AF: In the Hydra constellation, south of the celestial equator, at about 5000 light years’ distance from us. For us astronomers it’s almost right next door. You can spot it with an amateur telescope. You might notice a slight bluish hue. But stars are actually always boring to look at. They are such tiny lights, after all, but I like tiny lights.
SK: You have an emotional connection with your research object.
AF: A little bit. HE 1327-2326 makes me sentimental because it reminds me of the good old days. When I discovered it, I was a graduate student in Australia. Those were exciting and inspiring years. I met great people, and discovered things that suddenly the whole world wanted to know about. I worked with an older telescope in the middle of an enormous national park with countless kangaroos. One time, during my longest observing run, we were threathened by a brushfire. Fortunately the fire eventually bypassed the observatory.

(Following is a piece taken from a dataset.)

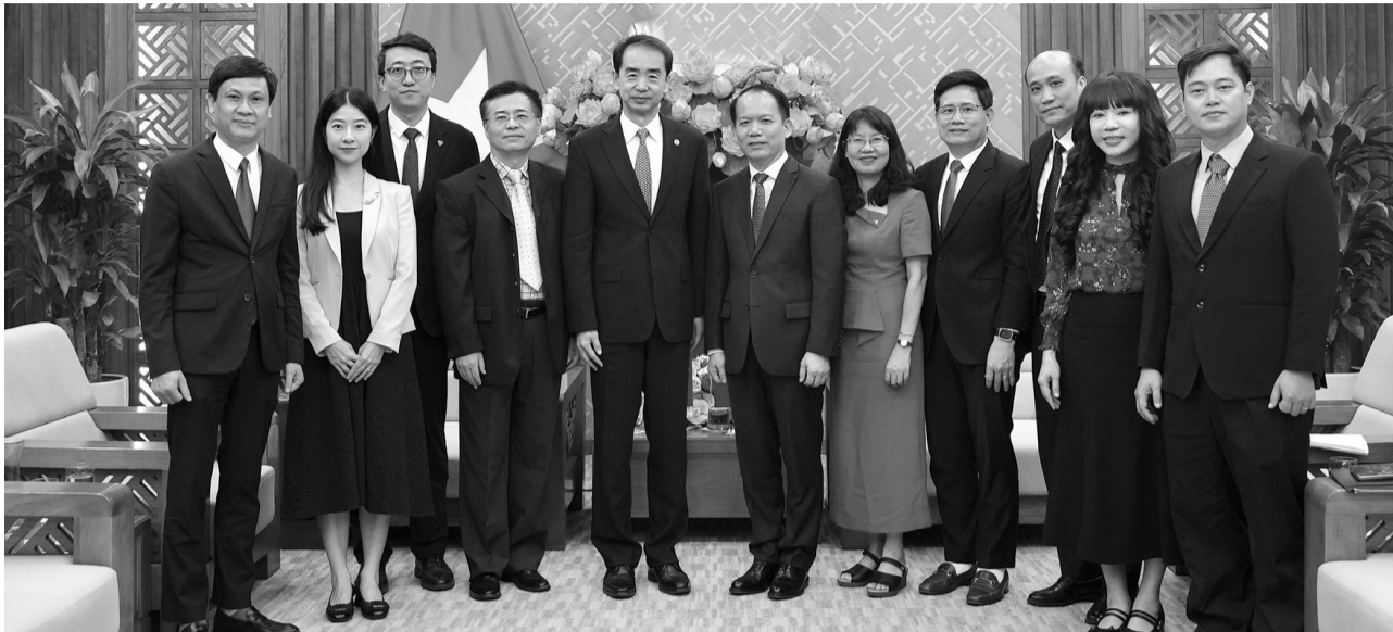
● Bộ trưởng Bộ Tư pháp Hoàng Thanh Tùng, Đại sứ Hà Vĩ và các đại biểu tham gia buổi tiếp.

Chiều 5/6, Bộ trưởng Bộ Tư pháp Hoàng Thanh Tùng đã tiếp Đại sứ Đặc mệnh toàn quyền nước Cộng hòa Nhân dân Trung Hoa tại Việt Nam Hà Vĩ nhằm trao đổi các định hướng tăng cường hợp tác trong lĩnh vực pháp luật và tư pháp giữa hai nước, góp phần triển khai tích cực kết quả chuyến thăm cấp Nhà nước tới Trung Quốc của Tổng Bí thư, Chủ tịch nước Tô Lâm vào tháng 4/2026 vừa qua.

SK: You found HE 1327-2326 when you were searching for stars that have a particularly low iron content for your PhD thesis. Why were you looking for such stars?
AF: Because such stars are very old and tell us a lot about the formation of the universe. After all, the elements are formed by nuclear fusion within stars. After the Big Bang, the universe only consisted of hydrogen, helium and traces of lithium. Over time, increasing amounts of the heavier elements were added. The less iron a star contains, the more primitive it must be. And when we discovered HE 1327-2326, it was the most iron-poor star known. Incidentally, I almost threw out the piece of paper with a bunch of star names on it, including HE 1327-2326, as it had already been on my list of misclassified objects. Luckily, I decided, just to be on the safe side, to ask my supervisor again. I became quite aware of just how much experience I was still lacking.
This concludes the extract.